I asume the Guard Position & go.

I allow Them to Mount me & Go

Cross Side , Ref's Position

My goal is to deflect control & Apply Submission.

If all im doin is holding on we stop & start again.

Elbows & Knees to the head are not used but are to the Body.

If I say ouch or need a time out PRACTISE is the place to do it

Not in the Cage


----------



## Kembudo-Kai Kempoka (Feb 4, 2005)

Balls to the wall offense is the name of the game.

Seperate the training into two aspects: The "ground", and the "pound".

Ground is trained shooting on guys bigger and better than you who don't want to go down. When you can catch them, you got that part good.

Pound is trained on heavy bags on the floor. Pick your arsenal, and train in boxing rounds. Set the timer (times activity and rest periods)...round one, downward punch (for a guy you've mounted), one hand...rest...round two, interchanging downward punches...rest...round three, blasting the guy with repeating inward elbows...rest, and etc. Make the last round of your training going nuts with your ground weapons, changing it up, but always throwing and never resting. If your hip cashes out from knees, switch up to hands; when that arm tires, switch to elbows, and so on. The advantage is that you can get used to wailing away at full boar without injuring your partners.

D.


----------



## sgtmac_46 (Feb 6, 2005)

samuelpont said:
			
		

> How does any one here practise ground and pound without serious injury to their partner. Obviously you have to rule out elbows but do people generally tend to hit full contact or semi?

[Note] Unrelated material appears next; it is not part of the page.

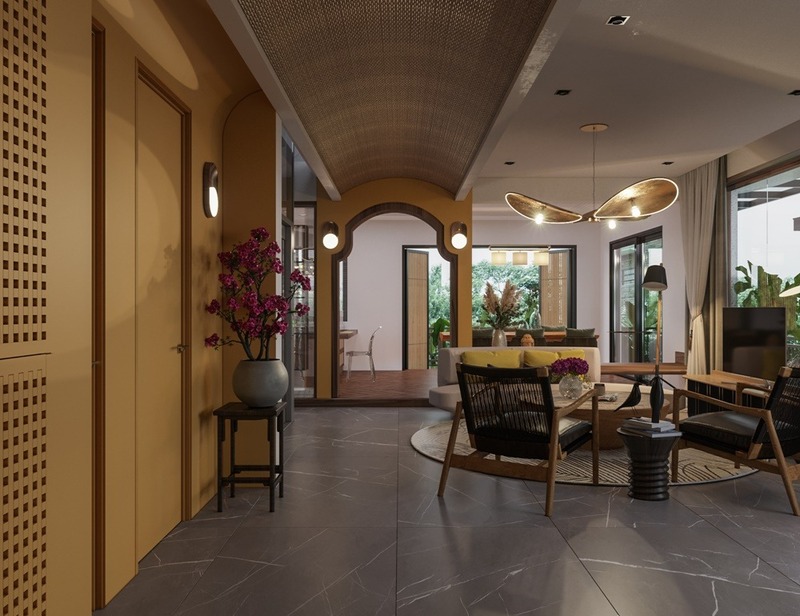 29+ mẫu gạch lát nền phòng khách biệt thự phong cách Indochine mới nhất

If you're trying to train to defend on the ground against the ground and pound, have your opponent put on the heavy boxing gloves and play "punch me in the head", while you try to resist and turn the position.  It's a good way to train and get a few nice lumps and bruises, but it works.


----------



## Mr_Scissors (Feb 10, 2005)

i would disagree with the notion of ruling out elbows. ruling just about anything seriously changes the training.  for instance if there are "no elbows allowed" then your partner won't be learning the proper reaction to angle changes in your striking limb. as soon as someone bends the arm to deliver an elbow shot the escape techniques all change, i think that's an important aspect of groundwork in general. 

my suggestion would be to go to your local motorcycle shop and buy heavy duty helmets, then train with elbows and everything. further i would suggest that you reinforce the visor pivots as they are the weakest spot on a cycle helmet. 

unless you're training for a particular mma event, that has its own rules, i would say do not use rounds or timed intervals - go until someone taps. 

as one of the other posters suggested you should definitely train your different positions (mount, guard, half-guard, spider-guard, open guard, side mount, knee-on-belly, north-south) routinely.


----------